DG: A leading contender is one of the "big lies" of the trade debate: that we have been trading away high paying manufacturing jobs and replacing them with low paying service jobs such as flipping hamburgers and cashiering at big-box retailers. The truth is a lot of the manufacturing jobs we've lost didn't pay all that well. And most of the service sector jobs that have been added in the past two decades are solidly middle class. Citing data from the Bureau of Labor Statistics, I found that two-thirds of the net new jobs added between 1991 and 2008 were in sectors where average wages were actually higher than in manufacturing. We remain among the world's leading manufacturing nations, but the American middle class today earns its keep in the service sector.
Why should a unionized worker support free trade when their union vehemently opposes it?
DG: Not everybody wins from adopting free trade, and some unionized workers in some industries have benefited -- unjustly, I would add -- from existing trade barriers. But for most unionized workers trade is more friend than threat. Unionized dockworkers obviously benefit when trade expands. Unionized government workers and teachers benefit as consumers while facing no foreign -- or any other -- competition. Unionized Boeing workers would be out of their jobs without access to global markets. Unfortunately, organized labor leaders in this country have taken a hostile stand against trade, and they now have the ear of people in power. The large majority of American workers who do not belong to a labor union will pay the price in lost opportunities.
This relates to the problem you note in Mad About Trade of "what is seen and what is unseen."

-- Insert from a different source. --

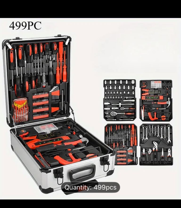 Be ready for any repair or maintenance task with this 499-piece Complete Mechanic Tool Set, perfectly organized in a durable, portable suitcase. Whether you’re working on your car, fixing things around the house, or handling electrical and mechanical repairs, this all-in-one toolkit has the precision and power you need.

DG: This is the cross we carry in the debate. The short-term losses from transitioning to free trade are visible and localized. An apparel factory closes in North Carolina, a call center is outsourced. Sugar growers lobby furiously to keep import quotas in place because their livelihoods depend on a protected domestic market. But the benefits of free trade, while far greater in total dollars, are diffused: A single mother saves $20 shopping on Saturday at a supercenter, you find just the right car or blouse because of import competition, a small start-up creates ten jobs writing specialized software for a global market. You could say one of my goals in writing the book was to make the benefits of trade visible to my fellow Americans.
Similarly obscured, ill-advised government regulation has been essentially given a pass in the current downturn by a Fourth Estate fixated on individual consumption. When you write, "production divorced from consumption is akin to slavery," it has the feel of a revolutionary statement. Why is it important to defend consumption?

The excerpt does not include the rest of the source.